=== Material supplied ===
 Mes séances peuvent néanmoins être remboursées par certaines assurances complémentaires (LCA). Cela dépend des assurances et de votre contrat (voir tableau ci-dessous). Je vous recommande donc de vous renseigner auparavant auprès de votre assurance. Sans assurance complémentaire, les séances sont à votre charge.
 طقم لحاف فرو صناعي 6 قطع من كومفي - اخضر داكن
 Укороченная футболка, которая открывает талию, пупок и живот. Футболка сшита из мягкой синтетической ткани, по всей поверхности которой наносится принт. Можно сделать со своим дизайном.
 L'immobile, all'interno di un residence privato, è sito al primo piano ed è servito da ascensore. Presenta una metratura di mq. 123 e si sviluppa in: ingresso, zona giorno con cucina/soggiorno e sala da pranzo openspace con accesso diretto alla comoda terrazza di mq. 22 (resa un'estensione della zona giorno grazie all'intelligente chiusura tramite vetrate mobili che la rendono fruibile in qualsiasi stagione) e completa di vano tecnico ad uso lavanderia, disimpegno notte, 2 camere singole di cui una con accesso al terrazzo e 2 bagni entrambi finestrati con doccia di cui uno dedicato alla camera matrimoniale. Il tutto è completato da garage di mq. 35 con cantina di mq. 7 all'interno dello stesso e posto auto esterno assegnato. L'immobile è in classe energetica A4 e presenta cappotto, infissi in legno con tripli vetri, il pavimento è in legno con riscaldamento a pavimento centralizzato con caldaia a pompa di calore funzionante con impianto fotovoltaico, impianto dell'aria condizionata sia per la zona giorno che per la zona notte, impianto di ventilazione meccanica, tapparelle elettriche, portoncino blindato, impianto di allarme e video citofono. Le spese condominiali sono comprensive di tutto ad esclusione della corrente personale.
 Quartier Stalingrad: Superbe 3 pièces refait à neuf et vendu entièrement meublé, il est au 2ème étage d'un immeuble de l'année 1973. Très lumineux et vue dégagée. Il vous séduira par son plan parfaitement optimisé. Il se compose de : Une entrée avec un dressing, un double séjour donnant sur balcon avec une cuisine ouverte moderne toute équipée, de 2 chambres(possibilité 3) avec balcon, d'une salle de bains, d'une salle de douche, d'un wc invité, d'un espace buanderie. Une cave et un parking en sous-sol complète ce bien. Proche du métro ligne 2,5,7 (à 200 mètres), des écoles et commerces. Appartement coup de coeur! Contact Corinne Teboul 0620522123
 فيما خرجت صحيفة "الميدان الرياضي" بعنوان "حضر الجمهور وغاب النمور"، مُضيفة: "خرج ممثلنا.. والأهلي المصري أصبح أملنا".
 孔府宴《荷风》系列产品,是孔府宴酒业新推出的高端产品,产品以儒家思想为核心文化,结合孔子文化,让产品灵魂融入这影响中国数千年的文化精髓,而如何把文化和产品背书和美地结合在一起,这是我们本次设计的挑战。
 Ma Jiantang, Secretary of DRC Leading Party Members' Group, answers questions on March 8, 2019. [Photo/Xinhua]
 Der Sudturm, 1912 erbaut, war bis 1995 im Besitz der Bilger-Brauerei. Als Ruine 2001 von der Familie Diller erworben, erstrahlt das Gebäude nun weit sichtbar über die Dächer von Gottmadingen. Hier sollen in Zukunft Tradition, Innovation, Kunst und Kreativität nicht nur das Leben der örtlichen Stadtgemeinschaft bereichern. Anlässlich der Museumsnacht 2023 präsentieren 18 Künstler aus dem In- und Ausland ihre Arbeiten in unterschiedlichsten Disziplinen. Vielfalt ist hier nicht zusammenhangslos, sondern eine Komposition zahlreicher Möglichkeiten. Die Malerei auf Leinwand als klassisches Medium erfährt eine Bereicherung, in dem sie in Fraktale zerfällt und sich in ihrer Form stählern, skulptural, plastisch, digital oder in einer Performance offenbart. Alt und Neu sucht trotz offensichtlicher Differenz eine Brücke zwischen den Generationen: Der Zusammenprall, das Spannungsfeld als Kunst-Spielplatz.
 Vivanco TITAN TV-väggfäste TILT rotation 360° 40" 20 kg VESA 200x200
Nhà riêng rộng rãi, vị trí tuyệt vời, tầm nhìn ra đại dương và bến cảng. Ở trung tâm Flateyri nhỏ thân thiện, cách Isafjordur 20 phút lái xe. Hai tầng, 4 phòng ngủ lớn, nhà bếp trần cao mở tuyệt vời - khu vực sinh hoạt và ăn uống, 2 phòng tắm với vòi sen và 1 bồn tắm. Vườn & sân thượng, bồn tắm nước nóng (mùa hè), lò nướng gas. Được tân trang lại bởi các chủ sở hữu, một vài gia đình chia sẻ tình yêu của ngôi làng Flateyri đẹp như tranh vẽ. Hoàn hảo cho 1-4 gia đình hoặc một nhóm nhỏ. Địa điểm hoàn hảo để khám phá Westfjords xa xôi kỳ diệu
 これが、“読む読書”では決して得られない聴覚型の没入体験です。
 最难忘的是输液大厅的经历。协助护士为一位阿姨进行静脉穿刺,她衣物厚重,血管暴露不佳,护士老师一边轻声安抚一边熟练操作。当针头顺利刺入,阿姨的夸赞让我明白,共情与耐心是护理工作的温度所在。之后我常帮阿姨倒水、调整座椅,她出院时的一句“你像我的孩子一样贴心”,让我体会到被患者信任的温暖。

=== Problem description ===
Each line above that includes the word "vous" is to be copied.

=== Solution to the exercise ===
 Mes séances peuvent néanmoins être remboursées par certaines assurances complémentaires (LCA). Cela dépend des assurances et de votre contrat (voir tableau ci-dessous). Je vous recommande donc de vous renseigner auparavant auprès de votre assurance. Sans assurance complémentaire, les séances sont à votre charge.
 Quartier Stalingrad: Superbe 3 pièces refait à neuf et vendu entièrement meublé, il est au 2ème étage d'un immeuble de l'année 1973. Très lumineux et vue dégagée. Il vous séduira par son plan parfaitement optimisé. Il se compose de : Une entrée avec un dressing, un double séjour donnant sur balcon avec une cuisine ouverte moderne toute équipée, de 2 chambres(possibilité 3) avec balcon, d'une salle de bains, d'une salle de douche, d'un wc invité, d'un espace buanderie. Une cave et un parking en sous-sol complète ce bien. Proche du métro ligne 2,5,7 (à 200 mètres), des écoles et commerces. Appartement coup de coeur! Contact Corinne Teboul 0620522123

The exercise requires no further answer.